Factoring polynomials is a skill that helps simplify complex mathematical expressions. In our exercise, we encountered the expression \( x^2 - 9 \). This is a special polynomial known as a "difference of squares". It can be factored into two binomials:

• \( x^2 - 9 = (x-3)(x+3) \)

These binomials

1. \( (x-3) \)
2. \( (x+3) \)

help simplify the equation by reducing its complexity. Recognizing such patterns is key to factoring efficiently. As a result, the equation can be rewritten in a simpler form, making subsequent steps more manageable.

Fractions can make equations seem complex, but they can be eliminated to simplify calculation. In the given equation, we have fractions such as \( \frac{1}{x-3} \) and \( \frac{6}{(x-3)(x+3)} \). The goal is to eliminate these by clearing the denominators. Here's how:

• Identify the least common denominator (LCD), which in this case is \( (x-3)(x+3) \).
• Multiply each term by this LCD to clear fractions, transforming the equation into a polynomial form.

This results in

1. \((x + 3) + (x-3)(x+3) = 6\)

After these steps, the equation becomes polynomial, allowing for easier manipulation and solving.

After finding solutions to an algebra problem, it is crucial to verify them.
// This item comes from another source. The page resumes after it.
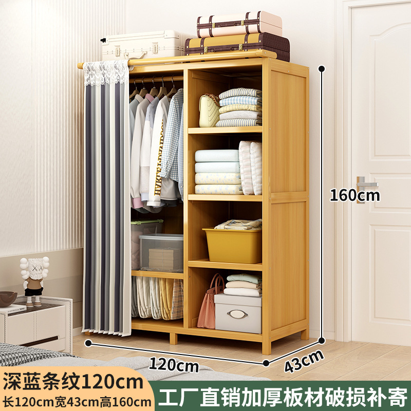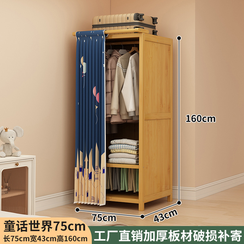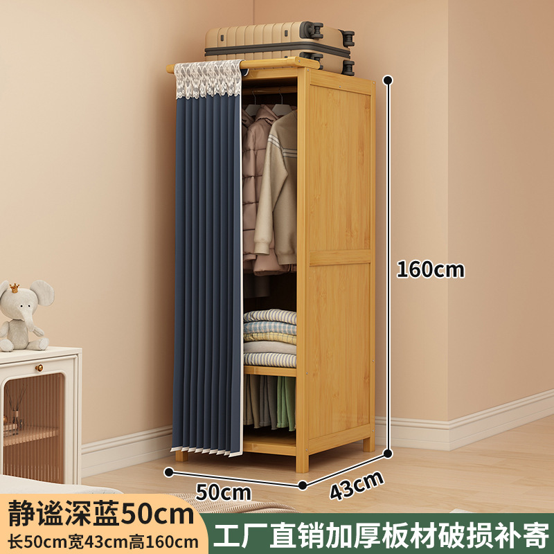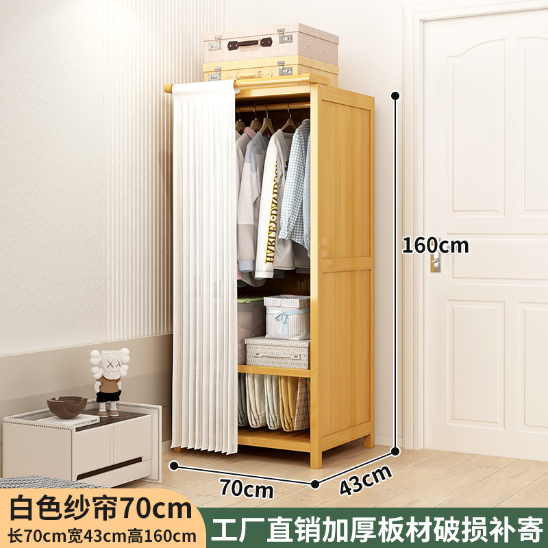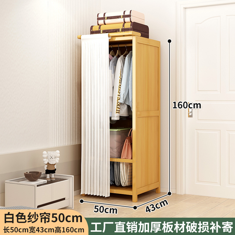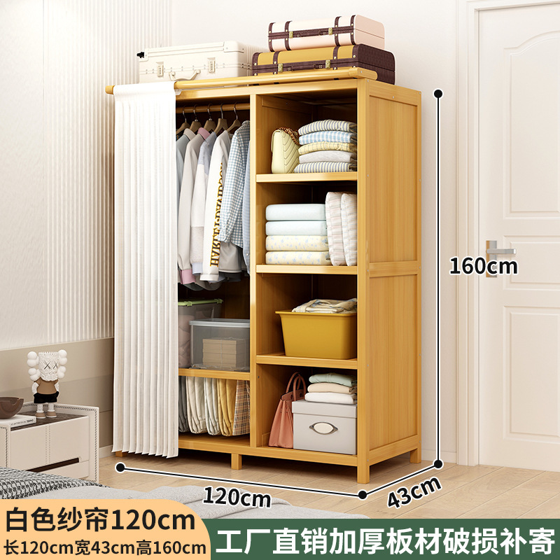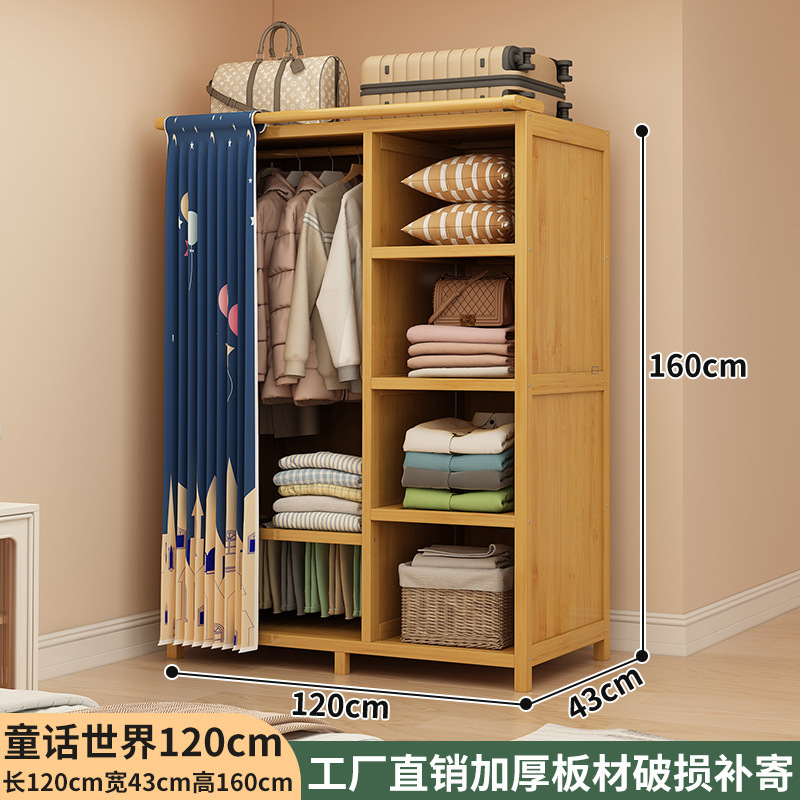 옷장 옷걸이 공간 다실용 가정용 간편 임대용 모던 심플 대나무 기숙사 옷장 문 커튼 방진 캐비닛

This process ensures the accuracy and validity of your results. Let's break down how to check solutions:

• Substitute each solution back into the original equation.
• Verify if both sides of the equation equal each other.
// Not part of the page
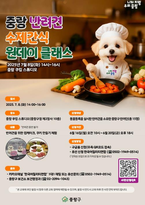중랑구는 오는 8월부터 10월까지 반려인과 비반려인이 함께 공감하며 살아갈 수 있는 건강한 반려문화 조성을 위해 `2025 중랑 반려문화 교실`을 운영한다.이번 교육은 반려동물과의 올바른 관계 형성과 돌봄 역량 향상을 목적으로 ▲반려견·반려묘를 위한 맞춤 식이요법 ▲위생미용 기본 관리법, 반려동물 상실감(펫로스)에 따른 정서적 회복 방법 등 총 3개 과정으로 구성된다. 반려동물 수제간식 교육(클래스)는 8월 23일, 30일, 9월 6일 총 3회에 걸쳐 ‘아틀리에 랑’에서 회차별 10명씩 총 30명을 모집한다. 반려견 간식과 반려묘 간식 만들기 실습이 이뤄지며, 반려동물 미동반 교육이다.위생미용 교육은 9월 19일, 26일, 10월 17일, 24일까지 중앙애견미용학원 면목점에서 총 4회 운영되며, 각 회차 15명씩 총 60명을 모집한다. 반려견 동반이 필수이며, 이론과 실습으로 귀청소, 발톱깎기 등 기본 위생미용을 다룬다.반려동물 상실감(펫로스) 상담 프로그램은 9월 29일 중랑구 사회적경제지원센터에서 1회로 진행되며, ‘펫로스 증후군’을 겪거나 대비하는 주민 15명을 대상으로 한다. 전문 상담사가 증후군의 원인과 증상, 대처 방안을 안내한다.참여자 모집은 8월 1일부터 10일까지 진행되며, 총 105명을 선발한다. 저소득층(기초생활수급자, 차상위계층, 한부모가족)과 65세 이상 1인 어르신 가구에게 우선 기회를 제공할 예정이다. 신청은 홍보 포스터의 큐알(QR)코드를 통한 온라인 접수 또는 `케이케이에이(KKA)한국어질리티연합`의 유선 접수로 가능하다.류경기 중랑구청장은 ˝이번 교육을 통해 반려동물과의 유대감을 높이고 올바른 돌봄 방법을 익히는 계기가 되길 바란다˝라며, ˝반려동물의 죽음으로 심리적 상실감을 겪는 구민들에게 공감과 위로, 그리고 정서적 지지가 되는 시간이 되길 기대한다˝라고 말했다.한편, 중랑구는 지난 7월 1일 서울시 자치구 중 두 번째로 `동물복지과`를 신설하고, 반려문화 정착을 위한 정책을 강화하고 있다. 현재 반려가족 쉼터 3개소를 운영 중이며, 진료비 지원, 행동교정 교육, 문화축제 등 다양한 사업을 통해 반려인과 비반려인의 조화로운 공존을 도모하고 있다.

In our example, we found solutions \(x = 3\) and \(x = -4\). When substituting \(x = 3\) into the original equation, it results in division by zero, making it invalid. However, substituting \(x = -4\) fits perfectly:

1. The left side simplifies to \( -\frac{1}{7} + 1 \)
2. The right evaluates to \( \frac{6}{7} \)

Both sides match, confirming \(x = -4\) as the valid solution. Checking solutions helps prevent mathematical errors and ensures the reliability of your answers.